▶ [Entries taken from a collection]:
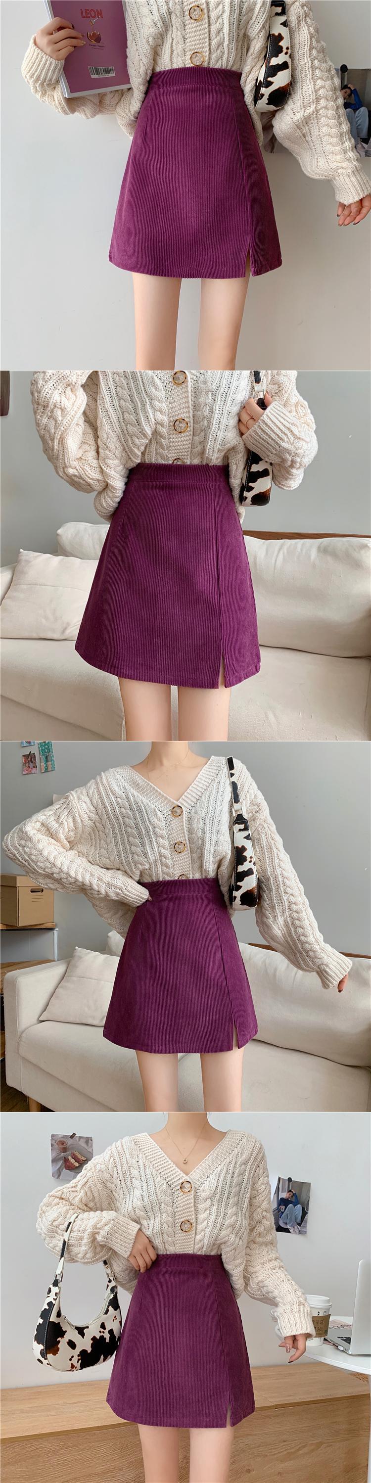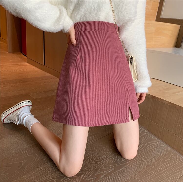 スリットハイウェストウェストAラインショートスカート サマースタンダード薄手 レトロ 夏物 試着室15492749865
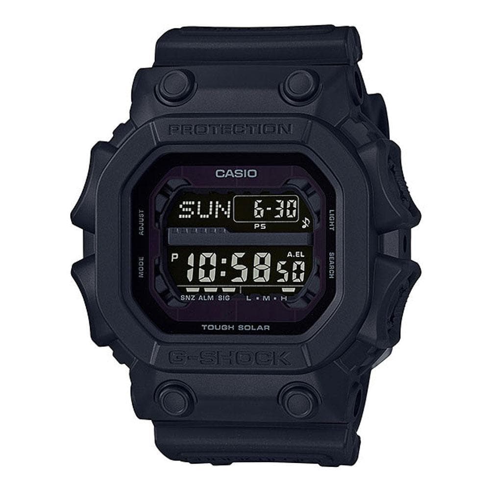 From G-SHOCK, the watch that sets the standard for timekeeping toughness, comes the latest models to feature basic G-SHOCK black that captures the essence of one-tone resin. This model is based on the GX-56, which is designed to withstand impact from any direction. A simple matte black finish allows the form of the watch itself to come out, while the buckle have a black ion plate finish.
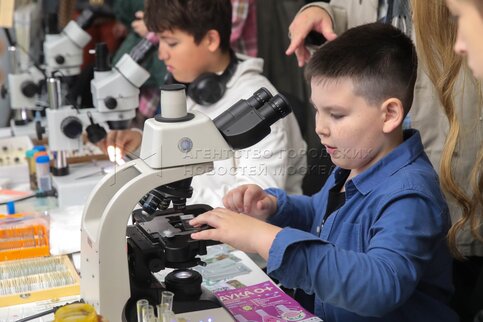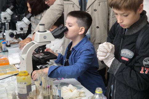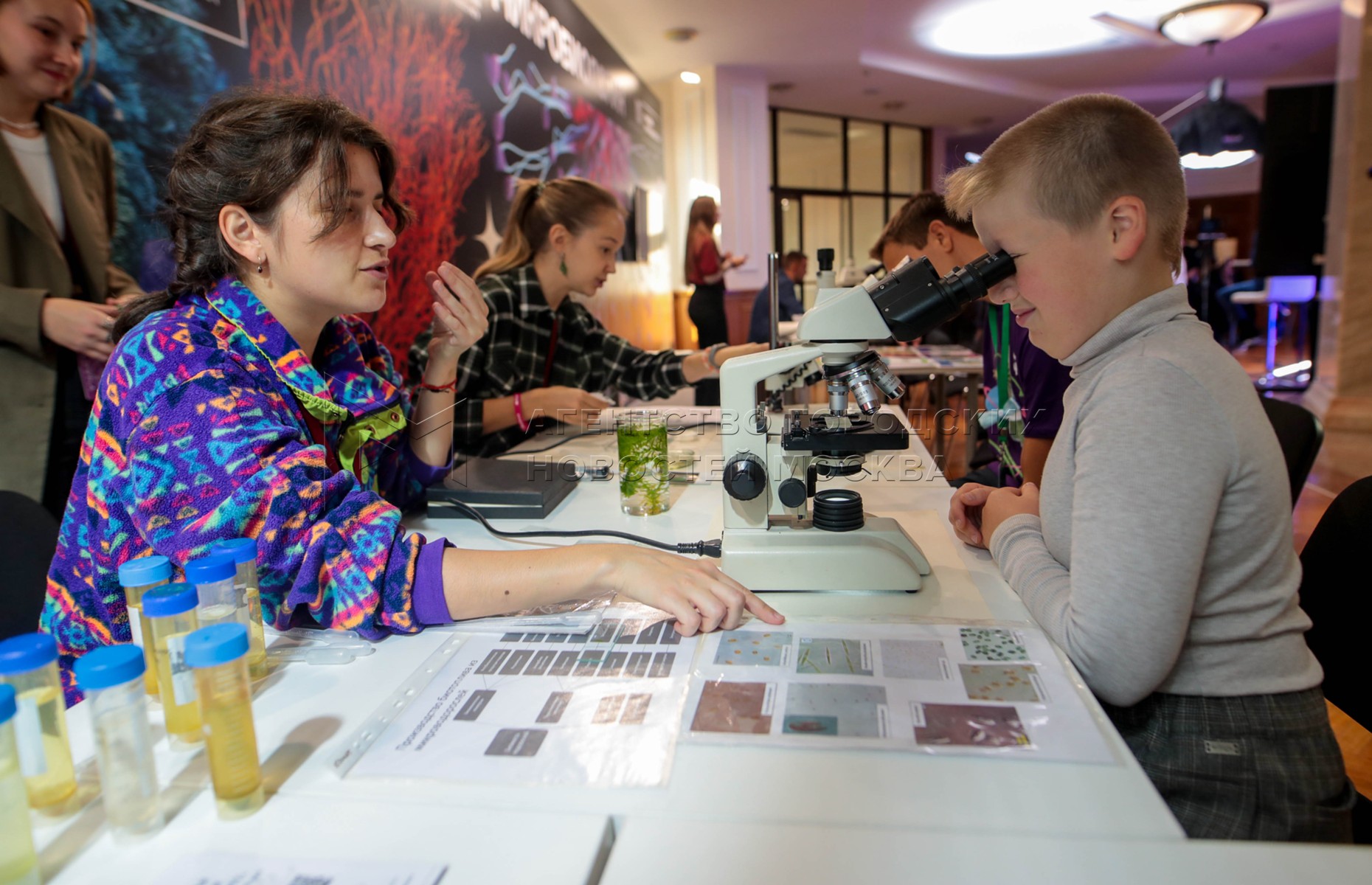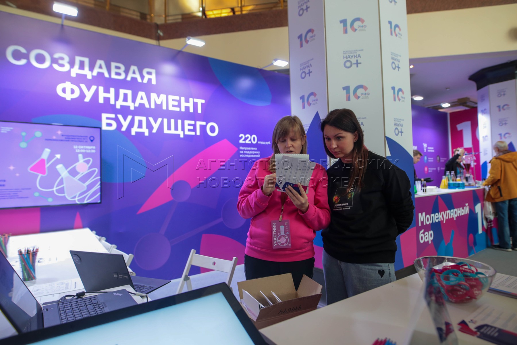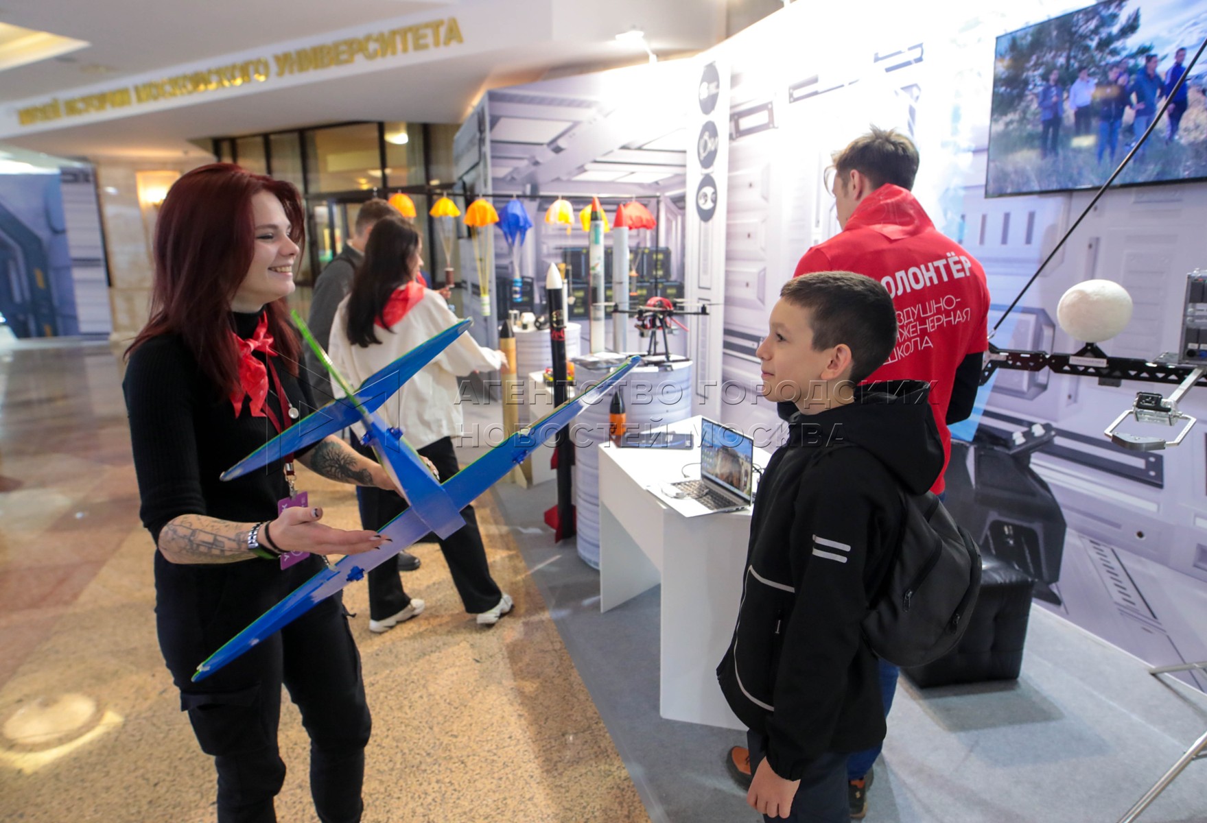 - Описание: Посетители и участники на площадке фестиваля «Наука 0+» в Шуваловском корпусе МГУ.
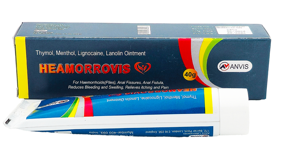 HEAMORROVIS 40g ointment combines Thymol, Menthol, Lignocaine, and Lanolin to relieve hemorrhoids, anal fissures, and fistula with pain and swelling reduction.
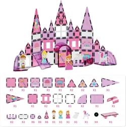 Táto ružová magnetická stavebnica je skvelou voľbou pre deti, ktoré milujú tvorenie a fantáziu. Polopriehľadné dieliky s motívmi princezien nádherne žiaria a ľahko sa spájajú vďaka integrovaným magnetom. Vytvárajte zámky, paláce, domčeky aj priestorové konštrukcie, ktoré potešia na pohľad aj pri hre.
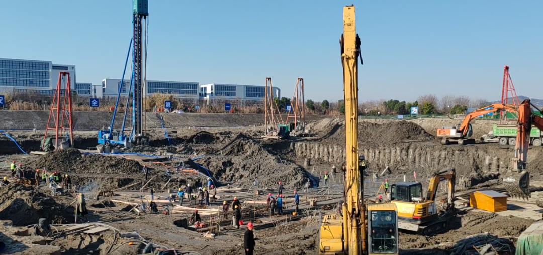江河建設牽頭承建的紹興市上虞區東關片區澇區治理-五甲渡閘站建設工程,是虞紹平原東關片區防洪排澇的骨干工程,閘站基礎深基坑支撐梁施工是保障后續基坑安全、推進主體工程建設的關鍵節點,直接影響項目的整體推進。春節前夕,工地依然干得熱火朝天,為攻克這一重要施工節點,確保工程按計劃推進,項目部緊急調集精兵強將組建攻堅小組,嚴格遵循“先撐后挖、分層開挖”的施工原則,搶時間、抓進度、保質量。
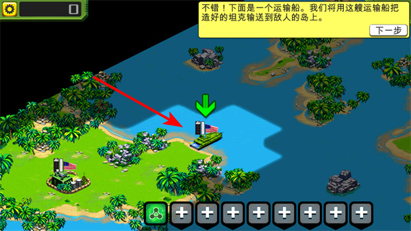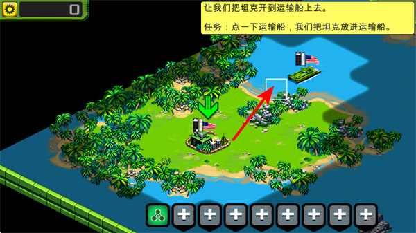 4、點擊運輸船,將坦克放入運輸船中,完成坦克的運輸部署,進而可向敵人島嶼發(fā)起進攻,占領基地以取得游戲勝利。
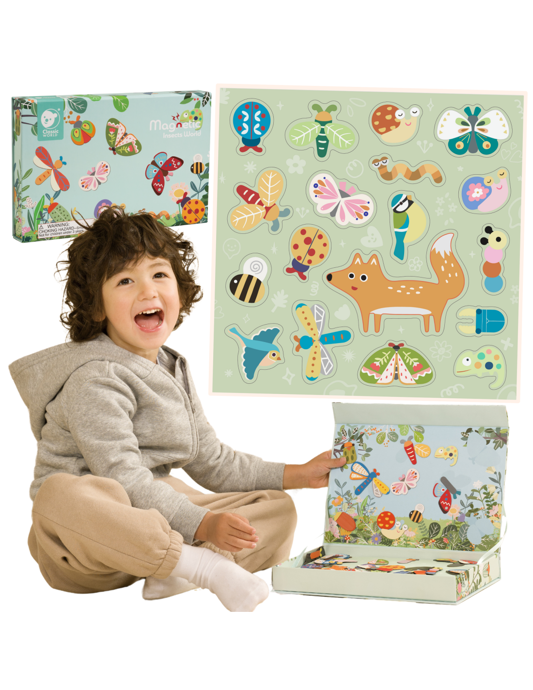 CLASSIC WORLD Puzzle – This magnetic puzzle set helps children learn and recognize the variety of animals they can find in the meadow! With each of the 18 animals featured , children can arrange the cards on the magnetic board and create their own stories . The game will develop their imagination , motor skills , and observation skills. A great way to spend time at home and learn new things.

▶ [Problem requirements]: Repeat the records above verbatim, with no pictures in the result.

▶ [Written answer]:
 スリットハイウェストウェストAラインショートスカート サマースタンダード薄手 レトロ 夏物 試着室15492749865
 From G-SHOCK, the watch that sets the standard for timekeeping toughness, comes the latest models to feature basic G-SHOCK black that captures the essence of one-tone resin. This model is based on the GX-56, which is designed to withstand impact from any direction. A simple matte black finish allows the form of the watch itself to come out, while the buckle have a black ion plate finish.
 - Описание: Посетители и участники на площадке фестиваля «Наука 0+» в Шуваловском корпусе МГУ.
 HEAMORROVIS 40g ointment combines Thymol, Menthol, Lignocaine, and Lanolin to relieve hemorrhoids, anal fissures, and fistula with pain and swelling reduction.
 Táto ružová magnetická stavebnica je skvelou voľbou pre deti, ktoré milujú tvorenie a fantáziu. Polopriehľadné dieliky s motívmi princezien nádherne žiaria a ľahko sa spájajú vďaka integrovaným magnetom. Vytvárajte zámky, paláce, domčeky aj priestorové konštrukcie, ktoré potešia na pohľad aj pri hre.
江河建設牽頭承建的紹興市上虞區東關片區澇區治理-五甲渡閘站建設工程,是虞紹平原東關片區防洪排澇的骨干工程,閘站基礎深基坑支撐梁施工是保障后續基坑安全、推進主體工程建設的關鍵節點,直接影響項目的整體推進。春節前夕,工地依然干得熱火朝天,為攻克這一重要施工節點,確保工程按計劃推進,項目部緊急調集精兵強將組建攻堅小組,嚴格遵循“先撐后挖、分層開挖”的施工原則,搶時間、抓進度、保質量。
 4、點擊運輸船,將坦克放入運輸船中,完成坦克的運輸部署,進而可向敵人島嶼發(fā)起進攻,占領基地以取得游戲勝利。
 CLASSIC WORLD Puzzle – This magnetic puzzle set helps children learn and recognize the variety of animals they can find in the meadow! With each of the 18 animals featured , children can arrange the cards on the magnetic board and create their own stories . The game will develop their imagination , motor skills , and observation skills. A great way to spend time at home and learn new things.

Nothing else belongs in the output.